You might immediately want to jump to tokenizing each unique word in the message to be a predictive feature, but this brute force approach can often be beat using domain knowledge and feature engineering. This is because tokenization creates a high-dimensional feature space where many of these features are useless for prediction. So, unless you have a massive amount of data, overfitting is a major problem with such an approach.

To see this, let's start by creating a training set and looking at a few messages that are labeled "spam":

In [6]:
## Train/test split
train_sms, test_sms = train_test_split(sms, test_size=0.2, random_state=8)
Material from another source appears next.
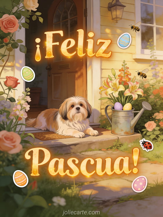Celebre la Pascua con esta hermosa tarjeta que presenta un adorable perro lhassa apso en un jardin campestre lleno de flores y huevos de colores. Descubra tambien una tarjeta de video de Pascua o un mensaje de Feliz Pascua.
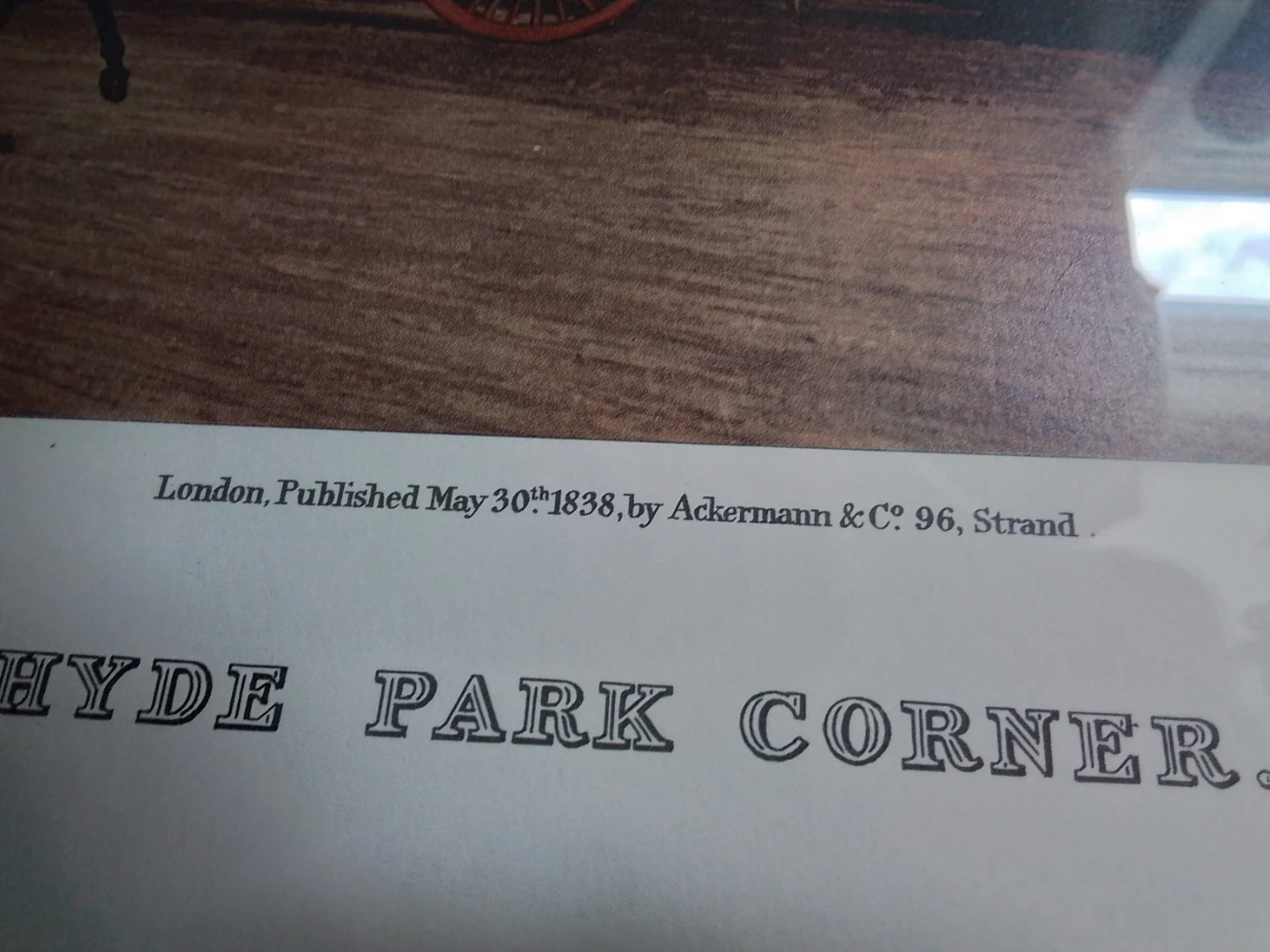 I'm offering a framed print titled 'Scenes on the Road, Or a Trip to Epsom and Back' from May 30th, 1838, published by Ackermann & Co. The print depicts 'Hyde Park Corner' and is in good condition, with dimensions of approximately 27x22 inches. Note this is a previously owned item.

## Separate outcome from message
train_sms_y = (train_sms['Label'] == 'spam').astype(int)
train_sms_X = train_sms['Message']

## Print some examples of 'spam'
train_sms_X[train_sms_y ==1].sample(10)
Out[6]:
3620    8007 25p 4 Alfie Moon's Children in Need song ...
4258    important information 4 orange user . today is...
1307    Enjoy the jamster videosound gold club with yo...
635     Dear Voucher Holder, 2 claim this weeks offer,...
5370    dating:i have had two of these. Only started a...
576     You have won ?1,000 cash or a ?2,000 prize! To...
709     To review and KEEP the fantastic Nokia N-Gage ...
1196    You have 1 new voicemail. Please call 08719181503
1518    Our brand new mobile music service is now live...
4967    URGENT! We are trying to contact U. Todays dra...
Name: Message, dtype: object

Inspecting these spam messages provides a several ideas for feature engineering. For example, we can notice that spam messages tend to contain a lot of numbers and may also contain an inordinate number of exclamation marks.

Based upon these observations we might engineer two features, one measuring the proportion of characters in a message that numeric, and another counting the number of exclamation marks in the message.

In [7]:
## Function to measure percentage of numbers
def get_num(text):
    return sum(map(str.isdigit, text))/len(text)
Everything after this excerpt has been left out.